Under segregation, blacks could attend the Overton Park Zoo on Thursdays. The rest of the week and holidays, the zoo was for whites only.

William Edwin Jones pushes eight-month-old daughter Renee in protest on Main Street in Memphis, August 1961.

A security guard watches garbage workers empty trash into a compressor-equipped truck, as the Memphis strike enters its third day, on February 15, 1968.

The striking garbage workers staged daily marches carrying signs stating their emotional slogan: “I Am a Man.”

MLK arrives at the Memphis airport on the morning of April 3 with aides (l to r) Andrew Young, Ralph Abernathy, and Bernard Lee.

Jubilant strike leaders celebrate at the end of MLK’s speech in Mason Temple on March 18, 1968.

Mason Temple offered a cavernous forum, where MLK delivered two dramatic speeches to pro-strike rallies, including this one on March 18, 1968.

Rev. Jim Lawson leads strike supporters in a boycott against downtown stores. The sign refers to Mayor Henry Loeb.
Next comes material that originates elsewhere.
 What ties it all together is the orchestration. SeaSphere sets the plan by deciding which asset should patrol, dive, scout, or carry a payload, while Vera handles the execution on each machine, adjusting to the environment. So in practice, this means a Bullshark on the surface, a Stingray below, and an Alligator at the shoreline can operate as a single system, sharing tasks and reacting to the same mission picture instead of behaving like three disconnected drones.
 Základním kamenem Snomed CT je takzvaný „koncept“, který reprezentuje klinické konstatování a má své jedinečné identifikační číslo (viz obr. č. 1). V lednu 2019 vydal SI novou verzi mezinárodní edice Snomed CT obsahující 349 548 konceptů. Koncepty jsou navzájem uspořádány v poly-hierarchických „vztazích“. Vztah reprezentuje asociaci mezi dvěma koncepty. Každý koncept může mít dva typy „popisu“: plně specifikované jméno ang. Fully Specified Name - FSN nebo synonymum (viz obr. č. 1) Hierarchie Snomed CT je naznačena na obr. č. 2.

At six foot five, Mayor Henry Loeb cut a physically imposing figure. He proved to be an implacable foe of the garbage workers’ strike.

MLK is jostled by an unruly crowd as he prepares to lead a march on behalf of the garbage workers, on March 28, 1968.
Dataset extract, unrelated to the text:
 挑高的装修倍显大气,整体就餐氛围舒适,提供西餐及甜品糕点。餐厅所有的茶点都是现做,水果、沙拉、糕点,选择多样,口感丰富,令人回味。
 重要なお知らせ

When he was traveling, King carried a briefcase stuffed with papers that reflected his widely varied interests, ranging from food production in the Mideast to the causes of urban rioting in the United States.

As US marshal Cato Ellis serves an injunction on MLK, King and his aides (l to r), Ralph Abernathy, Andrew Young, James Orange, and Bernard Lee, share a laugh to lighten the mood.

MLK’s aide Jesse Jackson shares a private thought with him on the platform of Mason Temple during the pro-strike rally on April 3 1968.

MLK delivers his “Mountaintop” speech at Mason Temple on the evening of April 3, 1968.

Arriving in the Memphis federal courthouse on April 4, 1968, to contest an injunction against MLK was Lucius Burch, his legal team, and their witnesses. Pictured, from left, Rev. James Lawson, SCLC executive director Andrew Young, and lawyers Burch, Charles Newman, and W. J. Michael Cody.